## Work to be completed:
What are the lines from the top of the entries through the one with "other deities. |"? Write them out exactly, with no pictures.
----- Provided records
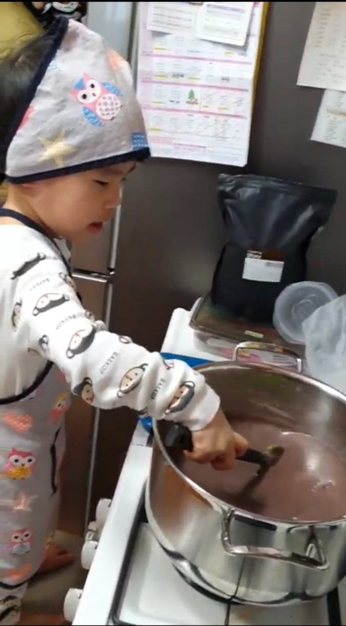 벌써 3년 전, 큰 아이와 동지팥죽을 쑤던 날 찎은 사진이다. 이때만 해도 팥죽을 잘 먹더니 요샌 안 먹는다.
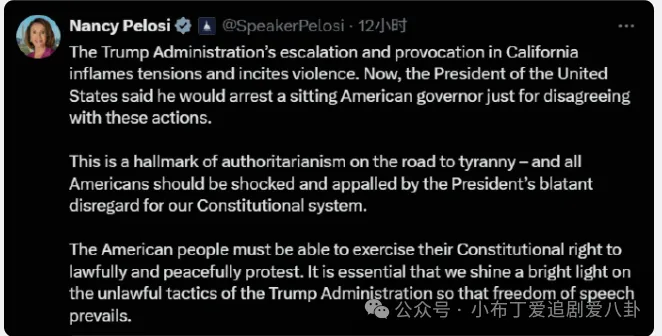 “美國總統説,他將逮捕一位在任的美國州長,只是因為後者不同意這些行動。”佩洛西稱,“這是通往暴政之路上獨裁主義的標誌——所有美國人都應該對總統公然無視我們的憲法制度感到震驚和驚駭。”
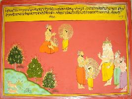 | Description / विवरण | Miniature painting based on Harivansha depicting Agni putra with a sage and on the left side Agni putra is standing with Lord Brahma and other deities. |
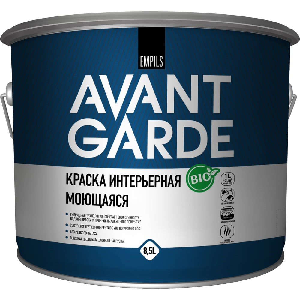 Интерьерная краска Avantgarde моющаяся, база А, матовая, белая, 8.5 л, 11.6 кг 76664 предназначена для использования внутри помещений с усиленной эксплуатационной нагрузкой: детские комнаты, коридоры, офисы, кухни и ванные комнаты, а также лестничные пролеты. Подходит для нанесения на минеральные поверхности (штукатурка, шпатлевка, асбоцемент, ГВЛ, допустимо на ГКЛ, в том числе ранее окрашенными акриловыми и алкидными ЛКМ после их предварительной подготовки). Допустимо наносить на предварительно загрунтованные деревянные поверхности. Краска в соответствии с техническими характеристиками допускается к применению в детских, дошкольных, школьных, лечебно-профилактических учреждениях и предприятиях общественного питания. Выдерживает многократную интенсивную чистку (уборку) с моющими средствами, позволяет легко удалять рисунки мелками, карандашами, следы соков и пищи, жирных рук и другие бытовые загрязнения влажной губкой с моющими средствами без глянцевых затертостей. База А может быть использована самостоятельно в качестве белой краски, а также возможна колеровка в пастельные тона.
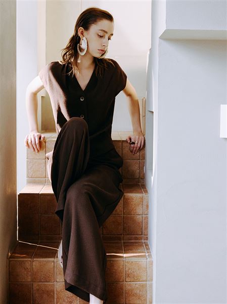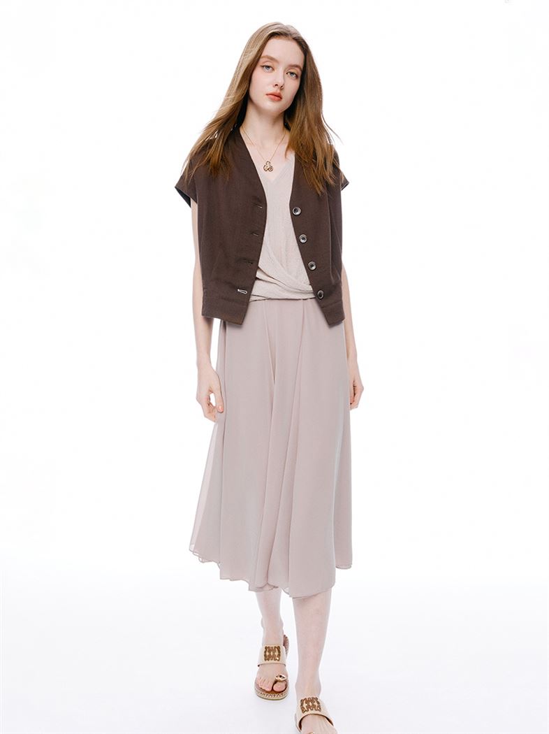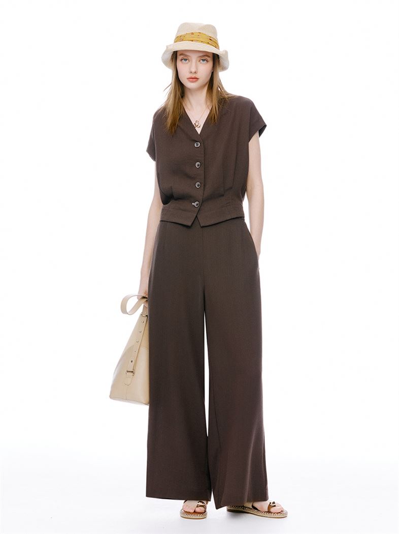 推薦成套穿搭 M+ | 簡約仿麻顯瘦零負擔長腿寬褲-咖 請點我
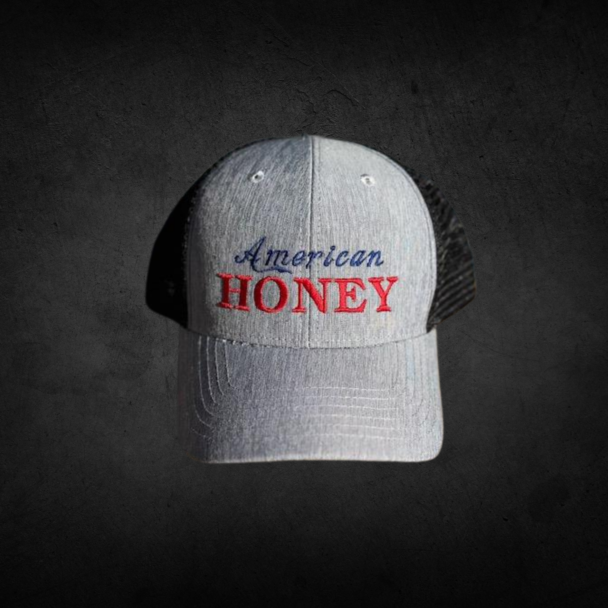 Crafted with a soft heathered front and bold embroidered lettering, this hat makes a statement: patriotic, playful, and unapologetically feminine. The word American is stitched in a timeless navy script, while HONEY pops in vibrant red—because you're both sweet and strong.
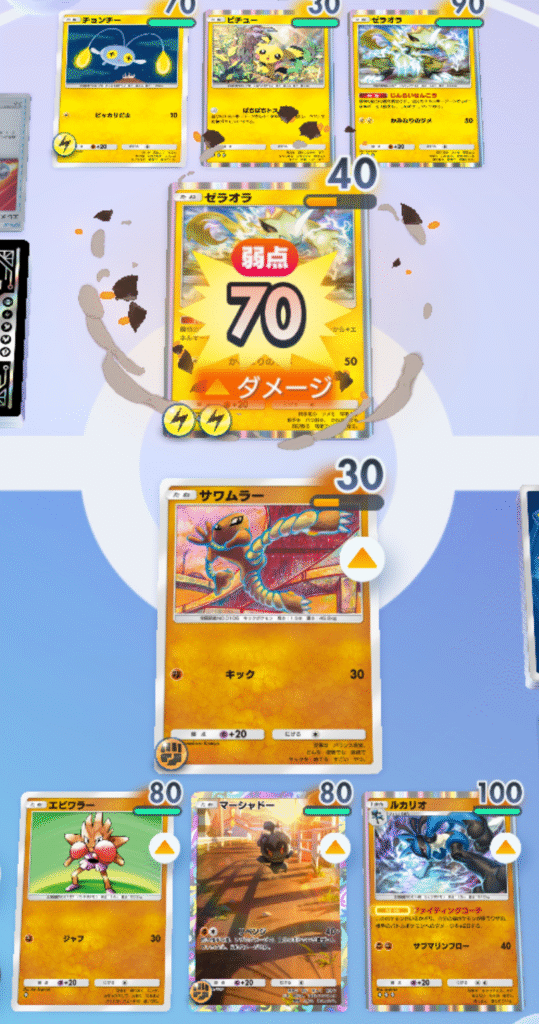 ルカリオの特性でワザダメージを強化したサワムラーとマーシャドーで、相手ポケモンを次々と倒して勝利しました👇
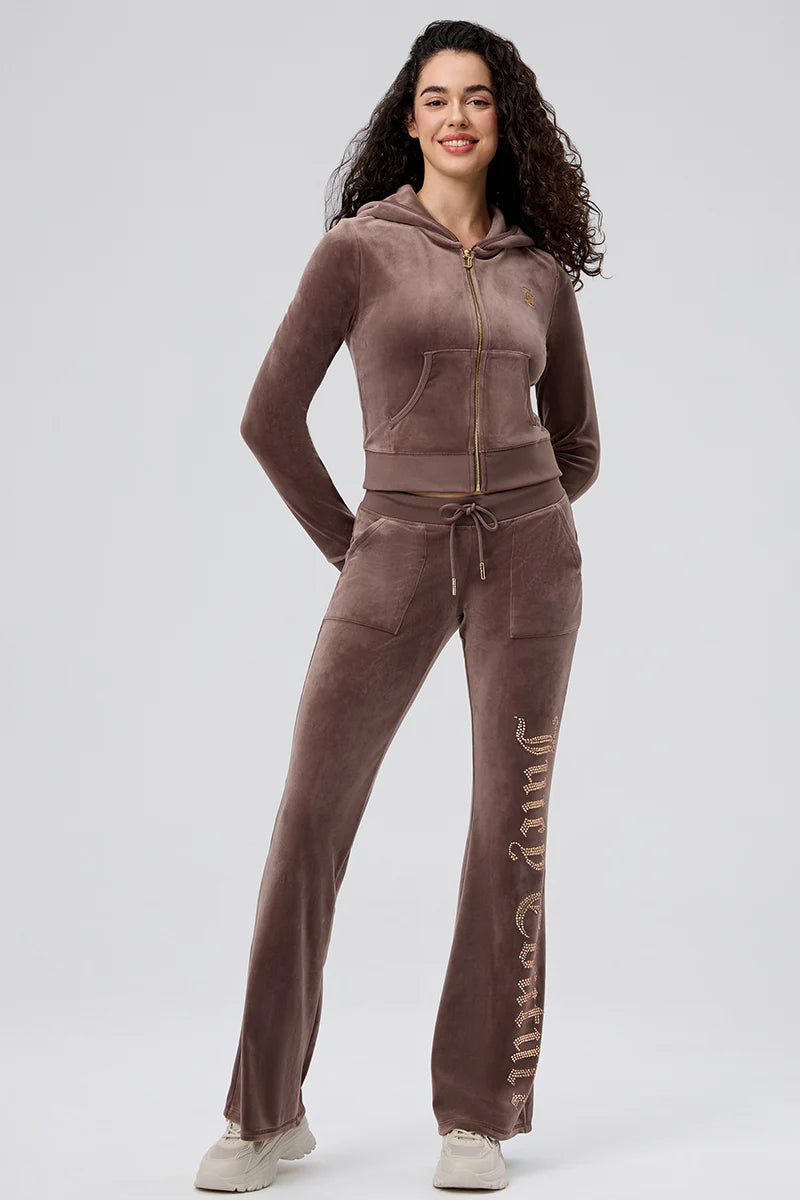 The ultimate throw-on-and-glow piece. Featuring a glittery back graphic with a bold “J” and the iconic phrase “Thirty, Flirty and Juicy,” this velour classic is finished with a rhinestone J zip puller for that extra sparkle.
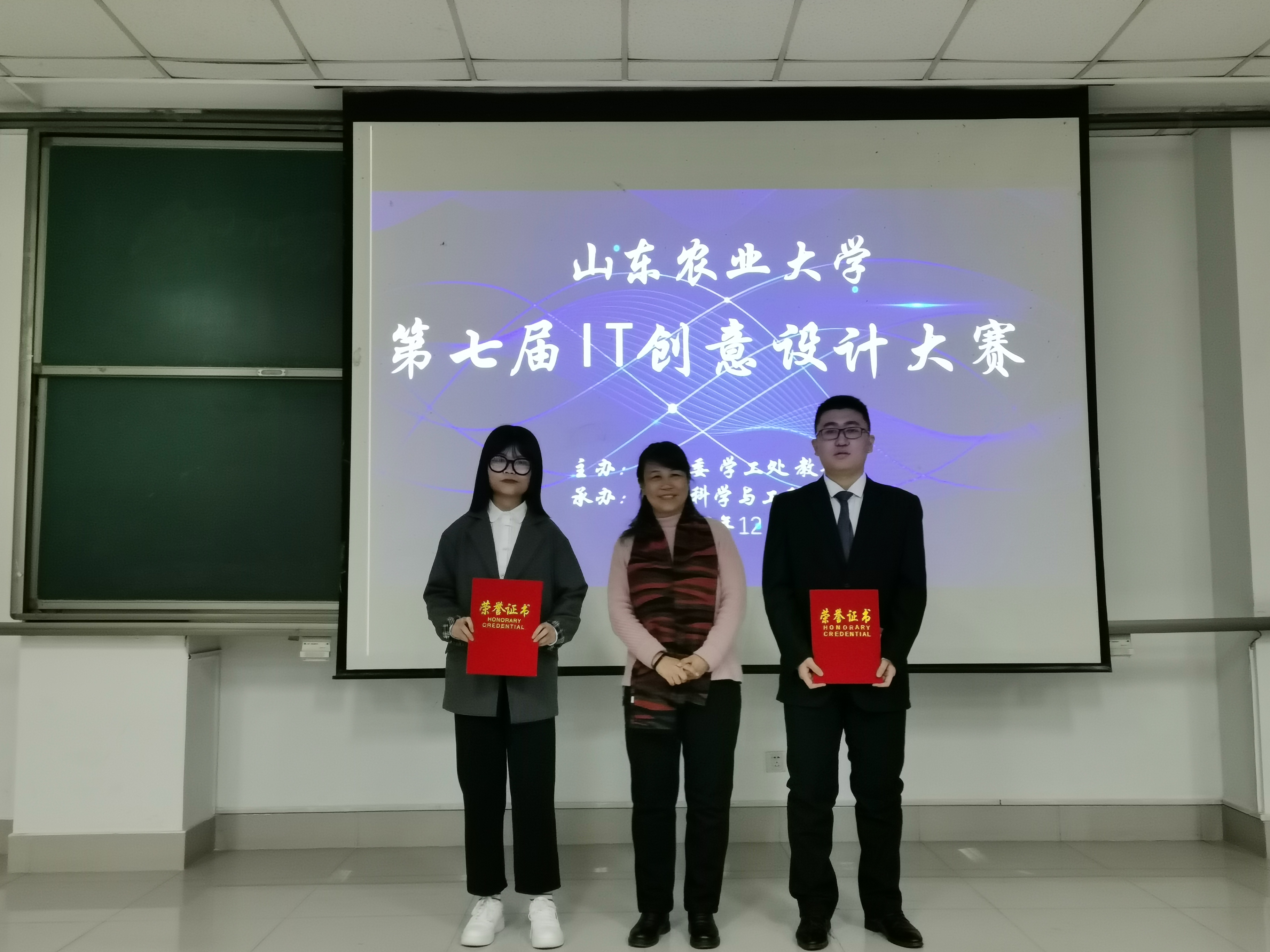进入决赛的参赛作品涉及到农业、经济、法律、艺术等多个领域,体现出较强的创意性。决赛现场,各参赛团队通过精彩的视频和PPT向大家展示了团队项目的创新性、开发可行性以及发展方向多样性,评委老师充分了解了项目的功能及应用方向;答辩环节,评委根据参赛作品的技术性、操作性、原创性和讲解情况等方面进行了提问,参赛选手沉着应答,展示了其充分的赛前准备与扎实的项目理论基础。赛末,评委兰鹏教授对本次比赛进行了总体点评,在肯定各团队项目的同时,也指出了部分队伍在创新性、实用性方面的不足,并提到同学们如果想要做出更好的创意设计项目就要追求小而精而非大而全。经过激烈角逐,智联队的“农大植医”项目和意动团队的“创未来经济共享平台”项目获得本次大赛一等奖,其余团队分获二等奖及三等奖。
----------
## Response to this exercise:
 벌써 3년 전, 큰 아이와 동지팥죽을 쑤던 날 찎은 사진이다. 이때만 해도 팥죽을 잘 먹더니 요샌 안 먹는다.
 “美國總統説,他將逮捕一位在任的美國州長,只是因為後者不同意這些行動。”佩洛西稱,“這是通往暴政之路上獨裁主義的標誌——所有美國人都應該對總統公然無視我們的憲法制度感到震驚和驚駭。”
 | Description / विवरण | Miniature painting based on Harivansha depicting Agni putra with a sage and on the left side Agni putra is standing with Lord Brahma and other deities. |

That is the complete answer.